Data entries
▼
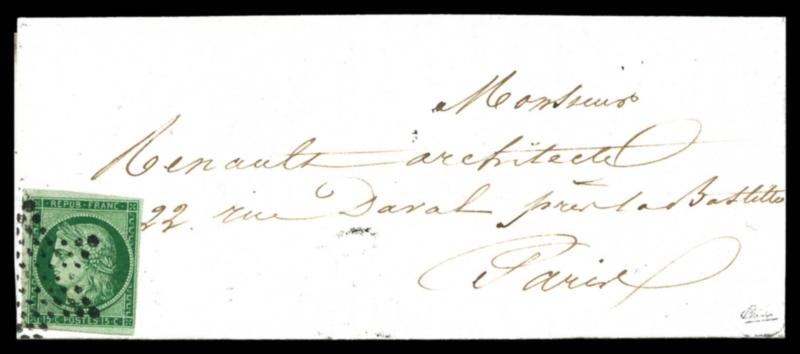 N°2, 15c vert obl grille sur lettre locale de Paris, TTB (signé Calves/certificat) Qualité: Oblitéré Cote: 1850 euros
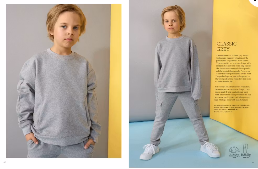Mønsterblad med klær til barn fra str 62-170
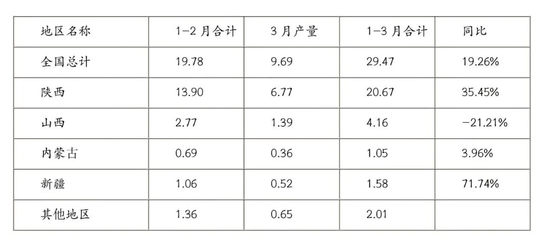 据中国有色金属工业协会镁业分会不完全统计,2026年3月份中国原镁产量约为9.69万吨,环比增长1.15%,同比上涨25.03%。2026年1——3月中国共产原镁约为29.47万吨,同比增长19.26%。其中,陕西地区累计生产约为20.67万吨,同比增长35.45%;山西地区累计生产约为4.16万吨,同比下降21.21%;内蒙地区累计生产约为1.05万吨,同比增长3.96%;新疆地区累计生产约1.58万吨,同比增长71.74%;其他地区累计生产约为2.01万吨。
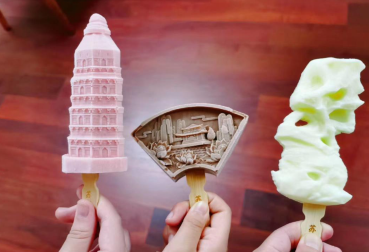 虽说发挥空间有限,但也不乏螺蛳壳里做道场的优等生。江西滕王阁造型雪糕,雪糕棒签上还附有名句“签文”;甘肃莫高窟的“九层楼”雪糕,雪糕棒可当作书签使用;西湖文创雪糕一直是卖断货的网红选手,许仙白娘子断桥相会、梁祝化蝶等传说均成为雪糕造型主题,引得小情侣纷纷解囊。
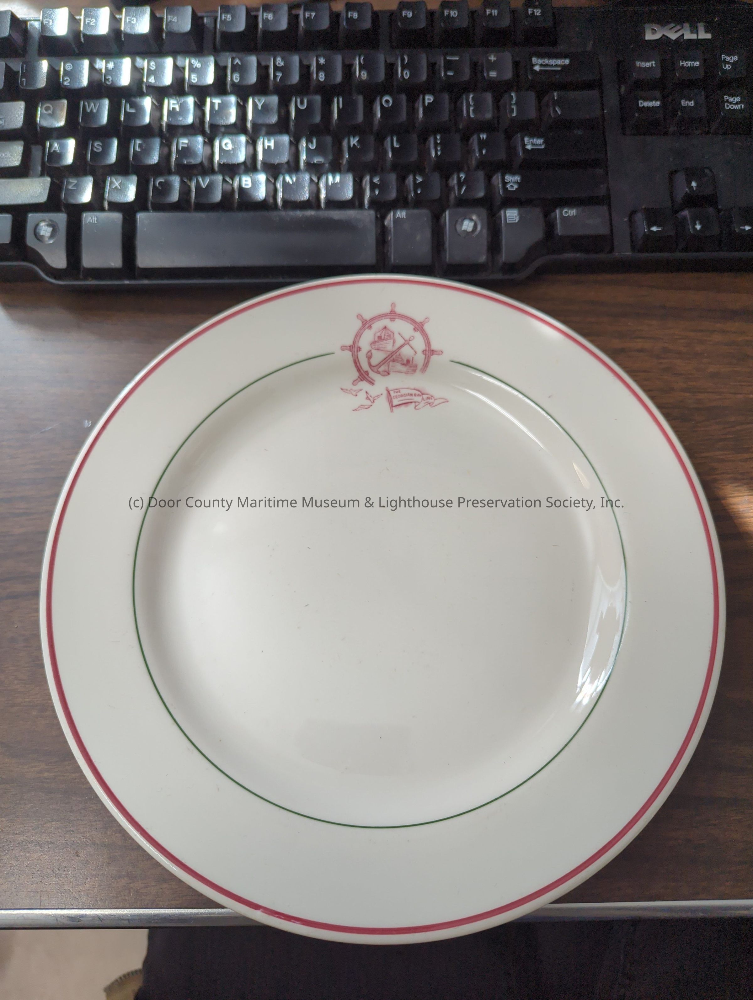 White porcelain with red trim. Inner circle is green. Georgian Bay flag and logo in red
▲
### Your goal
The line with "Mønsterblad med klær til barn fra str 62-170" ends the range, and the first line of the data begins it; repeat exactly those lines and nothing more, omitting pictures.

### Solved problem
 N°2, 15c vert obl grille sur lettre locale de Paris, TTB (signé Calves/certificat) Qualité: Oblitéré Cote: 1850 euros
Mønsterblad med klær til barn fra str 62-170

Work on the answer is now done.